Exercise 1.11: A function f is defined by the rule that f(n) = n if n<3 and
f(n) = f(n - 1) + 2f(n - 2) + 3f(n - 3) if n> 3.
Write a procedure that computes f by means of a recursive process. Write a procedure that computes f
by means of an iterative process.
The idea is to use a triple of integers a,b,c initialized to f(2) = 2 f(1) = 1 and f(0) = 0, and to repeatedly apply the simultaneous transformations
$$ a \leftarrow a + 2b + 3c $$
a is now f(n)
$$ b \leftarrow a $$
b is now f(n-1)
$$ c \leftarrow b $$
c is now f(n-2)
This is nothing but a slightly more complex Fibonacci iteration example from earlier.

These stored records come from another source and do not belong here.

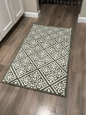 [This review was collected as part of a promotion.] I really like this rug for my entry way. The color and design goes well with my decor. The bottom has non slip grip so I haven’t had an issue with it moving around. It was easy to get in the wash and it air dried pretty quick too.
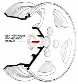 У штатных колес автомобиля центральное отверстие, как правило, точно подогнано к ступице оси; на заводах принято центрировать колесо именно по нему — его диаметр является посадочным. Но если Вы покупаете диск в магазине, не удивляйтесь тому, что центральное отверстие может оказаться больше положенного. Производители дисков часто делают отверстие заведомо увеличенного диаметра и снабжают диск набором переходных колец, что позволяет использовать его на разных моделях автомобилей. Колесо в этом случае центрируют по PCD.
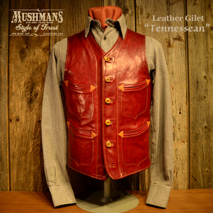 新たな提案を始めます。 MUSHMANS Original Lether Gilet "Tennessean"のご紹介。

F(n) = F(n-1) + F(n-2) where F(n) = n if n<2
$$ F_n = F_{n-1} + F_{n-2} $$
$$ a \leftarrow a + b $$
a is now F(n)
$$ b \leftarrow a $$
b is now F(n-1)
Recursive implementation of f(n) is straightforward:
(define (f-rec n)
(if (< n 3)
n
(+ (f-rec (- n 1)) (* 2 (f-rec (- n 2))) (* 3 (f-rec (- n 3))))))
> (f-rec 1)
1
> (f-rec 3)
4
> (f-rec 6)
59
> (f-rec 8)
335
Iterative implementation of f(n)
(define (f n)
(f-iter 2 1 0 n))
(define (f-iter a b c count)
(cond ((< count 2) count)
((= count 2) a)
(else
(f-iter (+ a (* 2 b) (* 3 c))
a
b
(- count 1)))))
> (f 1)
1
> (f 3)
4
> (f 6)
59
> (f 8)
335